Background: Inter-hospital transfer (IHT), defined as the transfer of patients between acute care facilities, is a common practice. Despite assumptions that IHT is done to provide patients with necessary specialized care, the factors which drive patient transfer are highly variable in ways that are not fully explained by differences in patients or hospitals. As such, there may be some IHT patients that are exposed to the risks of discontinuity of care without clear benefit, i.e., inappropriate transfers.

Purpose: To utilize diverse multi-stakeholder input to develop a consensus definition for potentially inappropriate inter-hospital transfers.

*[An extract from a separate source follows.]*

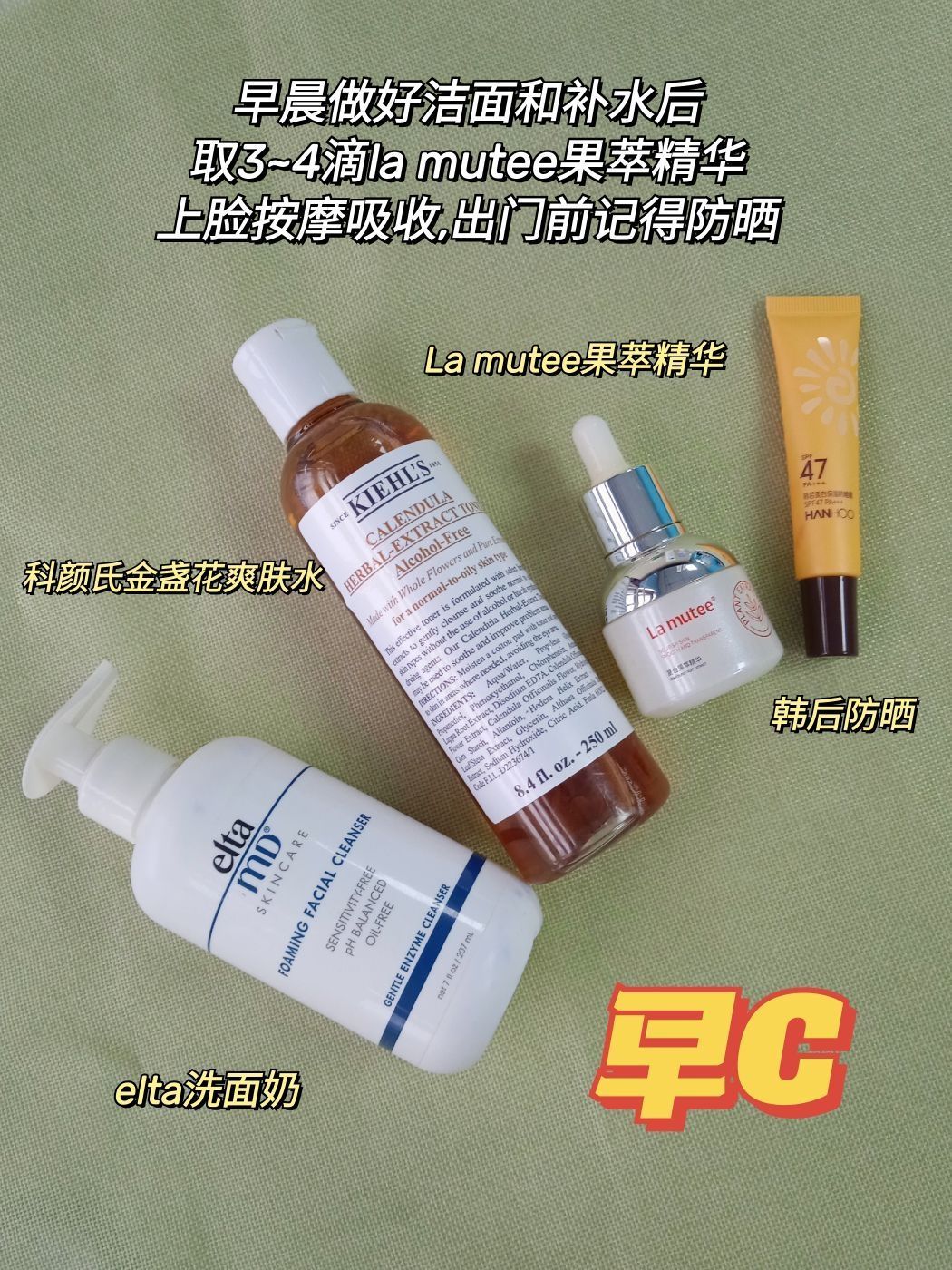 以前在脸上堆了很多护肤品,脸是白了但是摸着还是比较粗糙,脑门有闭口,下巴经常冒痘 但是!我才用了早c晚a大概20多天的时候,耐受逐渐建立起来以后! 脸上肉眼可见的闭口没有了!肤色更均匀了,也不爆痘了,脸也更嫩了,真的很绝! 要问什么护肤方法我可以用一辈子,必定是早c晚a 1、早C Elta洁面乳+科颜氏爽肤水+La mutee果萃精华+防晒 混油皮的我早上一般都会用洗面奶清洁洗脸,接着基础护肤滴...

Description: During the first Aim of a 5-year study, we conducted seven 1-hour long focus groups between March and June 2023 involving 40 total participants from 13 tertiary care hospitals and affiliate referral hospitals geographically dispersed across the United States. Each focus group included 6-8 participants including at least one member from each of the following stakeholder groups: Patient and Family Advisory Council (PFAC) member; accepting clinician from a tertiary care center; transferring clinician from an affiliate referral hospital; and hospital/healthcare system leadership (Chief Operating Officer, Transfer Center Manager etc.). Discussions centered around selected IHT patient case examples and used semi-structured discussion guides to gather the perspectives of each stakeholder on the potential benefits and risks of each transfer. Discussions also incorporated consideration of environmental factors that may influence transfer (e.g., organizational/institutional relationships), potential alternatives to IHT (e.g., tele-consults), and consideration of risks of non-transfer (e.g., patient/family dissatisfaction). Sessions were recorded, transcribed and coded into major- and sub-themes by four reviewers, using a constant comparison, grounded theory approach. The final coded themes and definitions are shown in Table 1. We utilized these coded themes to modify and finalize an adjudication tool that will be used to conduct chart adjudications in the second aim of this study; this will involve targeted chart review of 1800 patient transfers to 18 geographically diverse tertiary care hospitals across the US (including the 13 hospitals involved above) to determine the prevalence of potentially inappropriate IHT. All coded themes were incorporated through the entirety of the adjudication tool. The consensus definition for potentially inappropriate IHT was incorporated within the concluding adjudication tool questions pertaining to the necessity, urgency, and appropriateness of IHT (Figure 1).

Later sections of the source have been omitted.